*WHAT IS EXPECTED*
What must be handed in is the entire listing, exactly as written, with no pictures.

*SOURCE MATERIAL*
________________________________________

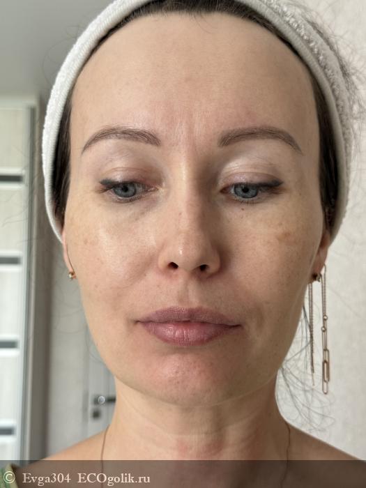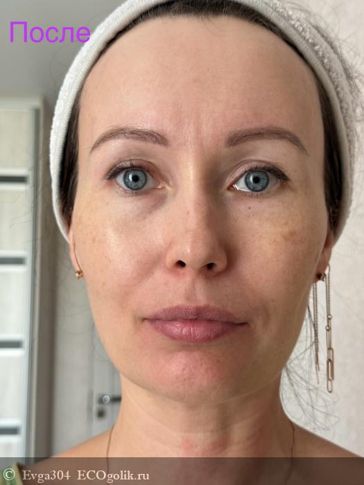 Оно заметно подтянутое, овал выражен четче за счет дренажного и лифтинг-эффекта, мимические морщинки словно стёрлись, кожа светлее, более гладкая и упругая.
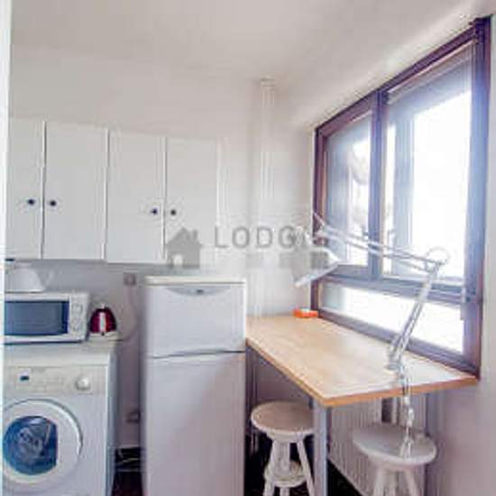 This furnished 33 m² apartment is located on Rue Stephenson, in a working class section of Paris 18th district. This large furnished studio rental can accommodate up to 2 people. This very bright and very peaceful apartment is located on the 6 floor (elevator available). It offers a clear view. It is also equiped with all you need just like at home including Vacuum cleaner, Iron, etc. The apartment is accessible by Paris public transportation (La Chapelle/M 2, RER B, RER D, RER E, SNCF NORD, Marx Dormoy/M 12), and nearby you can find many bu...
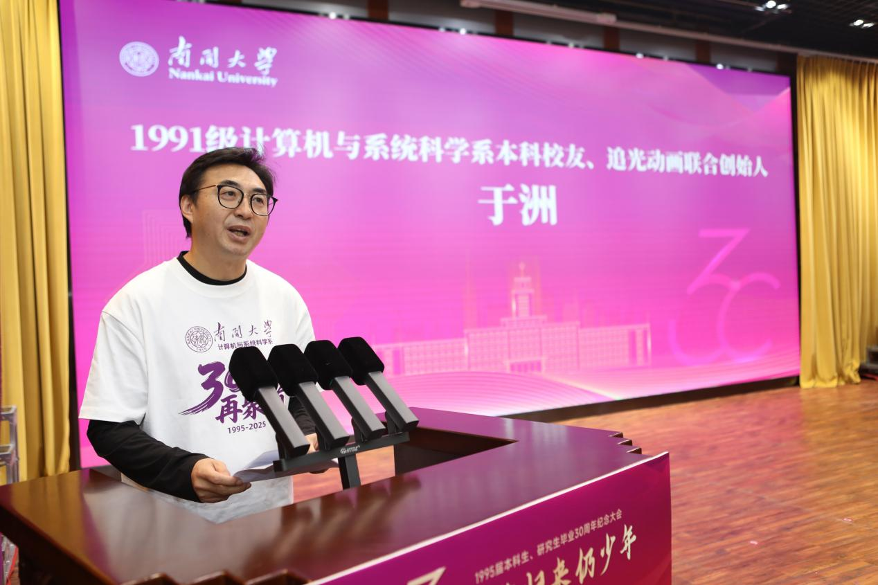 于洲做校友代表发言,以一句“上一次我们大家一起坐在主楼小礼堂,是11067天前的毕业典礼”开启深情回忆,他细数篮球赛、送别歌等青春片段,坦言“南开是我们三十年中魂牵梦绕的地方”,引发全场强烈共鸣。在发言中,于洲从张伯苓老校长的“爱国三问”与“知中国,服务中国”的志愿讲起,真诚宣告一代南开人未曾辜负老校长的期望。他动情表示,虽已“早生华发”,但大家仍是心怀“允公允能”校训、在民族复兴伟业中奔涌的“最强劲生力军”,展现了南开精神的时代回响。
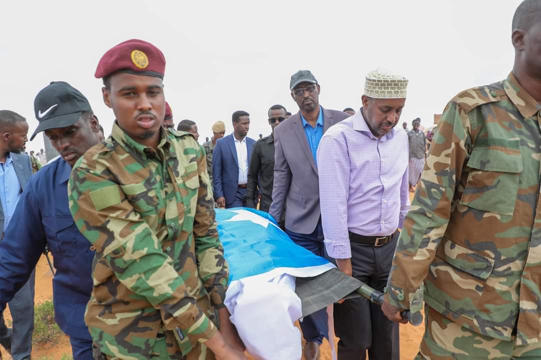 Saraakiishii lagu xasuuqay qaraxii Gaalkacyo oo la aasay +(SAWIRRO)

________________________________________

*ANSWER SECTION*
 Оно заметно подтянутое, овал выражен четче за счет дренажного и лифтинг-эффекта, мимические морщинки словно стёрлись, кожа светлее, более гладкая и упругая.
 This furnished 33 m² apartment is located on Rue Stephenson, in a working class section of Paris 18th district. This large furnished studio rental can accommodate up to 2 people. This very bright and very peaceful apartment is located on the 6 floor (elevator available). It offers a clear view. It is also equiped with all you need just like at home including Vacuum cleaner, Iron, etc. The apartment is accessible by Paris public transportation (La Chapelle/M 2, RER B, RER D, RER E, SNCF NORD, Marx Dormoy/M 12), and nearby you can find many bu...
 于洲做校友代表发言,以一句“上一次我们大家一起坐在主楼小礼堂,是11067天前的毕业典礼”开启深情回忆,他细数篮球赛、送别歌等青春片段,坦言“南开是我们三十年中魂牵梦绕的地方”,引发全场强烈共鸣。在发言中,于洲从张伯苓老校长的“爱国三问”与“知中国,服务中国”的志愿讲起,真诚宣告一代南开人未曾辜负老校长的期望。他动情表示,虽已“早生华发”,但大家仍是心怀“允公允能”校训、在民族复兴伟业中奔涌的“最强劲生力军”,展现了南开精神的时代回响。
 Saraakiishii lagu xasuuqay qaraxii Gaalkacyo oo la aasay +(SAWIRRO)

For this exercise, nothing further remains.